Asymptotic mean and variance

Asymptotic normality

Many statistics are asymptotically normally distribution.

This is a result of the central limit theorem.

For example:

\(\sqrt n S\rightarrow^d N(s, \sigma^2) \)

Confidence intervals for asymptotically normal statistics

We have the mean and variance, and know the distribution. This allows us to calculare confidence intervals.

Order statistics

Order statistics

Defining order statistics

The \(k\)th order statistic is the \(k\)th smallest value in a sample.

\(x_{(1)}\) is the smallest value in a sample, the minimum.

\(x_{(n)}\) is the largest value in a sample, the maximum.

Probability distributions of order statistics

The probability distribution of order statistics depends on the underlying probability distribution.
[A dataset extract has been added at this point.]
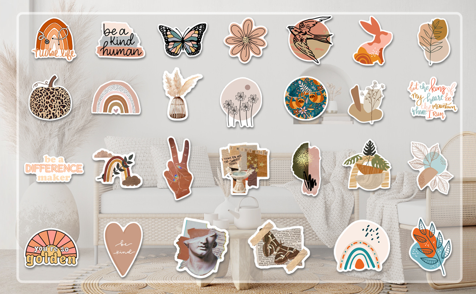 ملصقات للمساحات الجمالية: مع التركيز على ديكور بوهو، والألوان العصرية والناعمة المتربة والبنية الفاتحة وقوة الاقتباسات التحفيزية، هذه المجموعة من الملصقات رائعة مع شعور مريح. يبلغ مقاسها بين 5.08 سم - 10.16 سم، لذا فهي مثالية لتزيين مساحتك!

Probability distribution of sample maximum

If we have:

\(Y=\max \mathbf X\)

The probability distribution is:

\(P(Y\le y)=P(X_1\le y, X_2\le y,...,X_n\le y)\)

If these are iid we have:

\(P(Y\le y)=\prod_i P(X_i\le y)\)

\(F_y(y)=F_X(y)^n\)

The density function is:

\(f_y(y)=nF_X(y)^{n-1}f_x(y)\)

Probability distribution of the sample minimum

If we have:

\(Y=\min \mathbf X\)

The probability distribution is:

\(P(Y\le y)=P(X_1\ge y, X_2\ge y,...,X_n\ge y)\)

If these are iid we have:

\(P(Y\le y)=\prod_i P(X_i\ge y)\)

\(F_y(y)=[1-F_X(y)]^n\)

The density function is:

\(f_y(y)=-n[1-F_X(y)]^{n-1}f_x(y)\)

Bootstrapping

Bootstrapping

If we have a sample of \(n\), we can create bootstrap samples by drawing with replacement for other sets with \(n\) members.

Jackknifing

The jackknife

We have a statistic:

\(S(x_1, x_2,...,x_n)\)

We may want to estimate moments for this statistic, but are unable to do so.

The jackknife estimator

The jackknife is an approach for getting moments for statistics.

We start by creating \(n\) statistics each leaving out one observation.
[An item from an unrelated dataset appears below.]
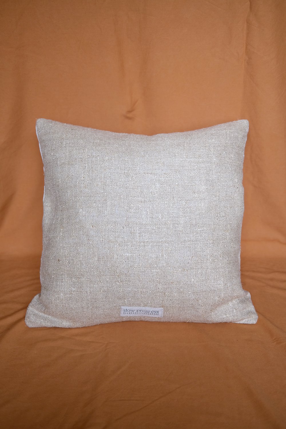 Made with OEKO-TEX certified European linen, sandwiched with a layer of cotton/bamboo mix batting and organic cotton calico for a luxurious and hard-wearing finish. Backed with a raw, unprocessed linen with a beautiful natural texture. Finished with a concealed zip and hand-printed brand label.
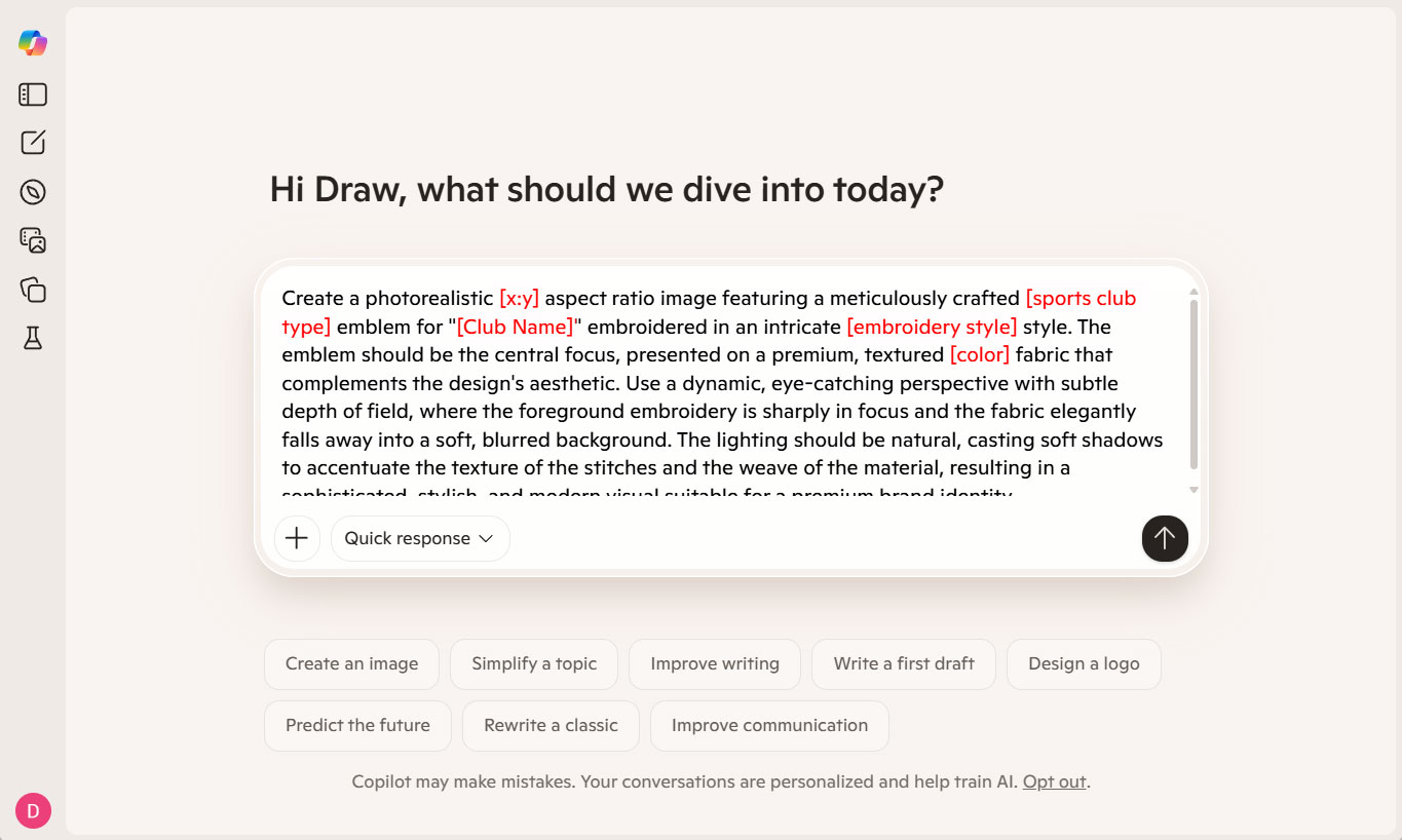 Head over to your favorite AI image generator. I like using Copilot’s image creator. This is where we’ll create the main picture.

\(\bar S_i(x_1,x_2,...x_{i-1},x_{i+1},...,x_n)\)

We define:

\(\bar S=\dfrac{1}{n}\sum_i\bar S_i\)

Moments of the jackknife estimator

We want to know the variance.

\(Var \bar S=\dfrac{n-1}{n}\sum_i(\bar S_i-\bar S)^2\).

The infintesimal jackknife

The jackknife as a weighting

In the jackknife we calculate the statistic leaving one observation out.

This is the same as weighting observations and giving one a weighting of \(0\) and the others \(1\).

The infintesimal jackknife

For the infintesimal jackknife we reduce the weight not to \(0\), but by an infintesimal amount.